* Supplied data *
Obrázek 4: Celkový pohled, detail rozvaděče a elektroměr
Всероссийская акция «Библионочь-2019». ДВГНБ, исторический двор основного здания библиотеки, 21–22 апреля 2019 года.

* * *

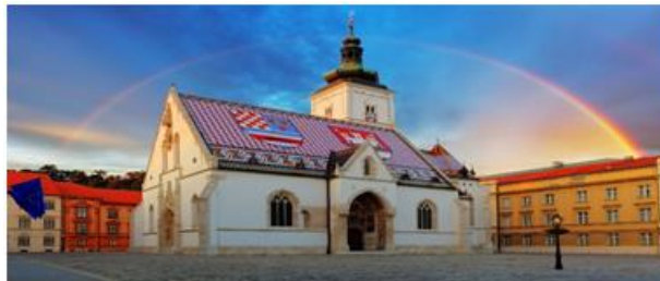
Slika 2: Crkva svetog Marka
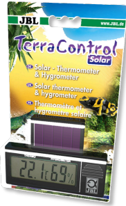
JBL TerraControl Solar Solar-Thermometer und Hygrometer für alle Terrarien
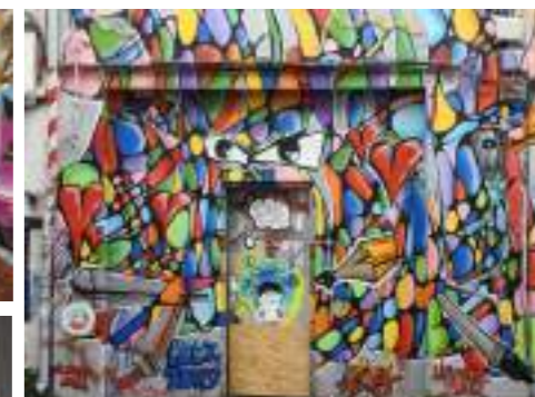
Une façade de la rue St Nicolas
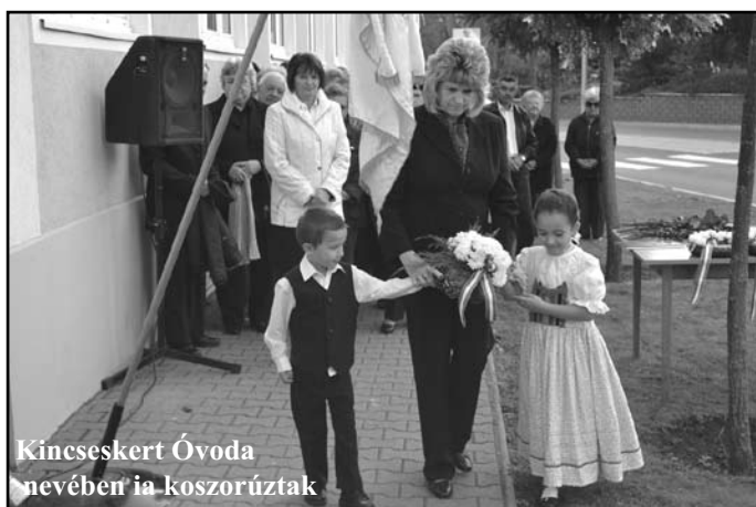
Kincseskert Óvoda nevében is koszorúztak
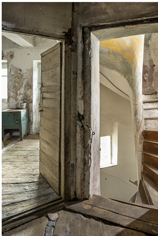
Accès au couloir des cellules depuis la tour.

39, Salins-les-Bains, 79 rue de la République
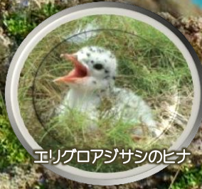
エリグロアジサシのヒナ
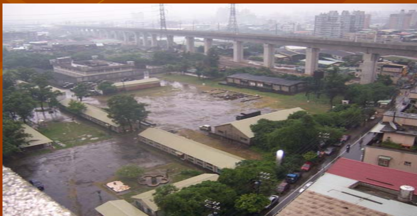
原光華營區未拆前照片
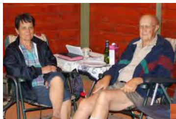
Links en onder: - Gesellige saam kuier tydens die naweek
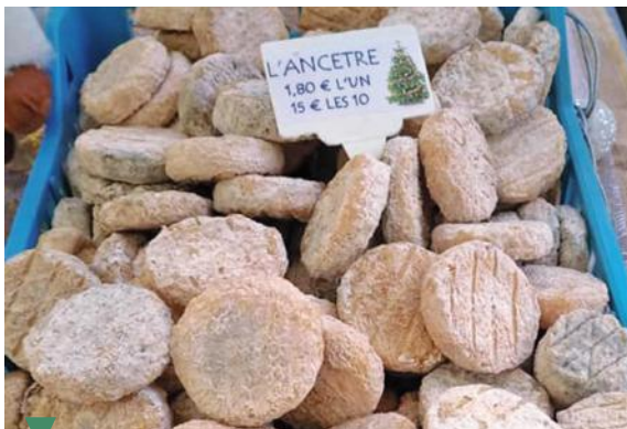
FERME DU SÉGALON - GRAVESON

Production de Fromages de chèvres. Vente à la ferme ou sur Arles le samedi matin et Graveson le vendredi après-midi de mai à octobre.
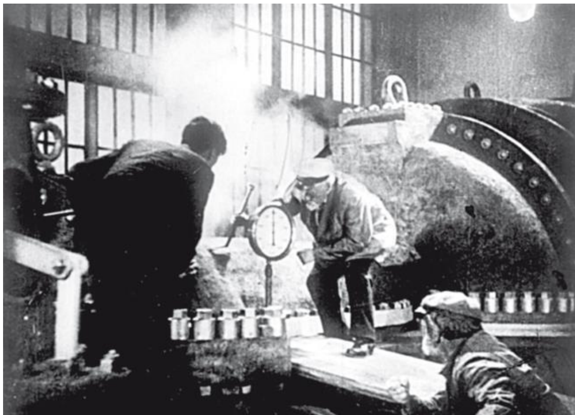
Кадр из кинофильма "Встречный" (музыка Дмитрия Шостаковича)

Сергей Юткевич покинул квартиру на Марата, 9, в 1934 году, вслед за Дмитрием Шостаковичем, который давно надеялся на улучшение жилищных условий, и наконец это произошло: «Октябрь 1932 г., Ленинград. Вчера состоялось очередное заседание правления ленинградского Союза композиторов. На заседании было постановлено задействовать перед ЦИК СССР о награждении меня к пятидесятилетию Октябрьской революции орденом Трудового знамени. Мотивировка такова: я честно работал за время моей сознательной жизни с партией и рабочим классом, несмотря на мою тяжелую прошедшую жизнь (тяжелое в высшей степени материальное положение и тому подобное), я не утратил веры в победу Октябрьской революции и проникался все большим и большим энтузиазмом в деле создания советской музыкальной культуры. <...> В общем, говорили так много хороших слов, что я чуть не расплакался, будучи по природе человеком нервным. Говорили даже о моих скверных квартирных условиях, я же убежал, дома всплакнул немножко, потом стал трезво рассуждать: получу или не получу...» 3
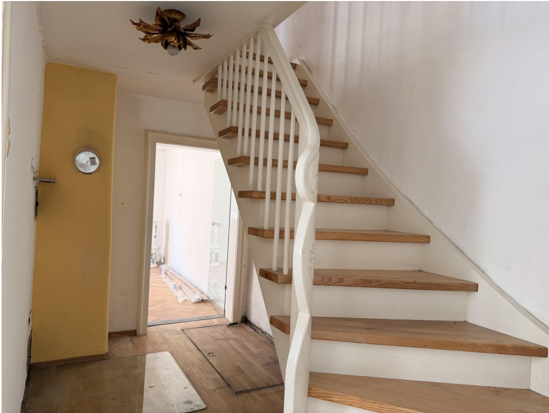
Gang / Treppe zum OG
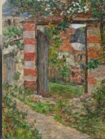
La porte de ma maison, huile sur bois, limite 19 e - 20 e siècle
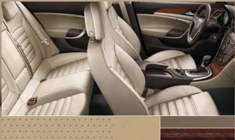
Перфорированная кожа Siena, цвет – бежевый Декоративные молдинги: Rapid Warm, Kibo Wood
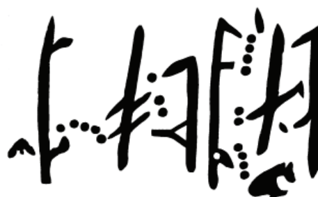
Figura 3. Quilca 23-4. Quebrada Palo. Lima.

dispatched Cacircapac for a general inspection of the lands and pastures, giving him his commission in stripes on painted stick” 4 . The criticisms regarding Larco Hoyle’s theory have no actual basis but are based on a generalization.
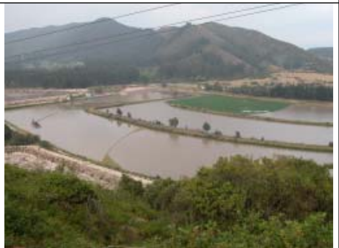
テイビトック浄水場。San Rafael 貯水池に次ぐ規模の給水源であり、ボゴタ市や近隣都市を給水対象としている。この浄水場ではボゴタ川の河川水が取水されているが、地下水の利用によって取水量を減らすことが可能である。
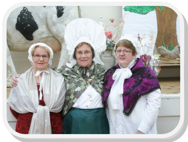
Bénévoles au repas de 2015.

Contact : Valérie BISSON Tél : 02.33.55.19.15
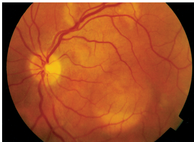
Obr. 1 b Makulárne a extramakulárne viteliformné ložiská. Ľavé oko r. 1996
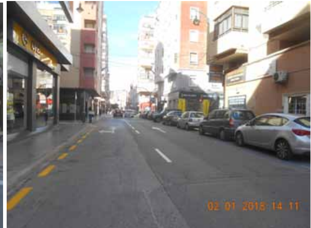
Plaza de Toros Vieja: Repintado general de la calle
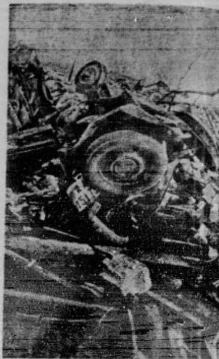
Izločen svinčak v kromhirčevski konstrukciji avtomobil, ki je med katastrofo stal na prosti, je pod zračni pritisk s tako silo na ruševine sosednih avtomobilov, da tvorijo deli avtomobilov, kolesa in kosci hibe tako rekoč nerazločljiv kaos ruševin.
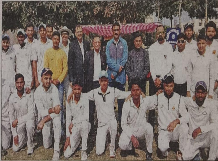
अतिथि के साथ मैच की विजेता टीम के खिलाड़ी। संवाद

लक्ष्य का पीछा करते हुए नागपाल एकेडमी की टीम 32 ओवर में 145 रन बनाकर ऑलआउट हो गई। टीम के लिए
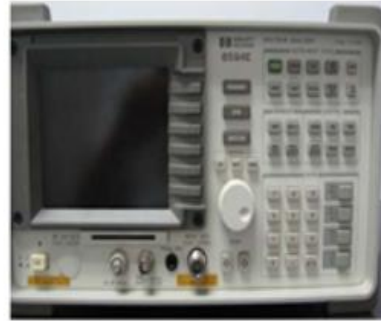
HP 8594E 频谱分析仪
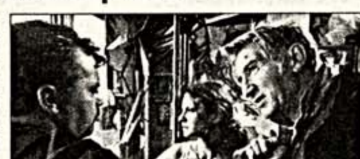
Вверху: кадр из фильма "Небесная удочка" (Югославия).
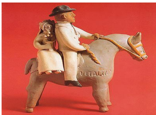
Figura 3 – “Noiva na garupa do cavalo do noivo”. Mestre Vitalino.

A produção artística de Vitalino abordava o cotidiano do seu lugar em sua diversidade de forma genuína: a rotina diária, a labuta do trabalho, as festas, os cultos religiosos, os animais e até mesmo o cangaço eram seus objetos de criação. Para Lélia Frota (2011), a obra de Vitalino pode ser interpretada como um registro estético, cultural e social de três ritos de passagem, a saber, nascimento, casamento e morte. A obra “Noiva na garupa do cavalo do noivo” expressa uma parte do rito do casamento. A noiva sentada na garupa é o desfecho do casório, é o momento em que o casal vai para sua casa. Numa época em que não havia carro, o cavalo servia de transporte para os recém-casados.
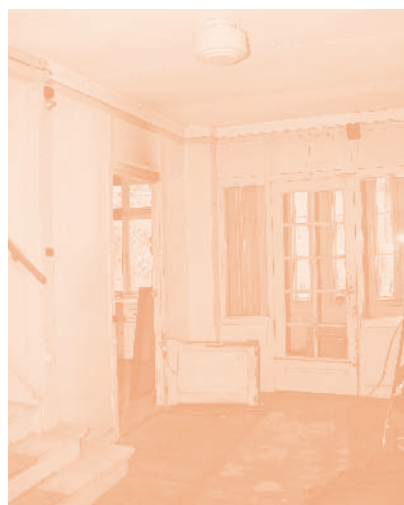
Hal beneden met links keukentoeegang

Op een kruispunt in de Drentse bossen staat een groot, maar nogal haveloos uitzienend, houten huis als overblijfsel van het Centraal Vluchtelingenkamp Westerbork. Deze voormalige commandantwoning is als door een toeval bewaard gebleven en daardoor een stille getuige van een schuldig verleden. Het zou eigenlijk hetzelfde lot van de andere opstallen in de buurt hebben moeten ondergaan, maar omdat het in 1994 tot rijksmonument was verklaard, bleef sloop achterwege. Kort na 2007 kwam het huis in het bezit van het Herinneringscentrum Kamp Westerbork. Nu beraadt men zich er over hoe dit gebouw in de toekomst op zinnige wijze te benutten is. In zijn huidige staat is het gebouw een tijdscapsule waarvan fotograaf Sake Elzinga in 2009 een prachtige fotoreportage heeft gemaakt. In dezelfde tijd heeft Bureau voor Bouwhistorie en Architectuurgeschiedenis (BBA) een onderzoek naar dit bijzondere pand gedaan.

* Required work *
Taking the line with "Obrázek 4: Celkový" as the first and the line with "апреля 2019 года." as the last, retype that stretch of the data above exactly, with no other lines.

* Response to the task *
Obrázek 4: Celkový pohled, detail rozvaděče a elektroměr
Всероссийская акция «Библионочь-2019». ДВГНБ, исторический двор основного здания библиотеки, 21–22 апреля 2019 года.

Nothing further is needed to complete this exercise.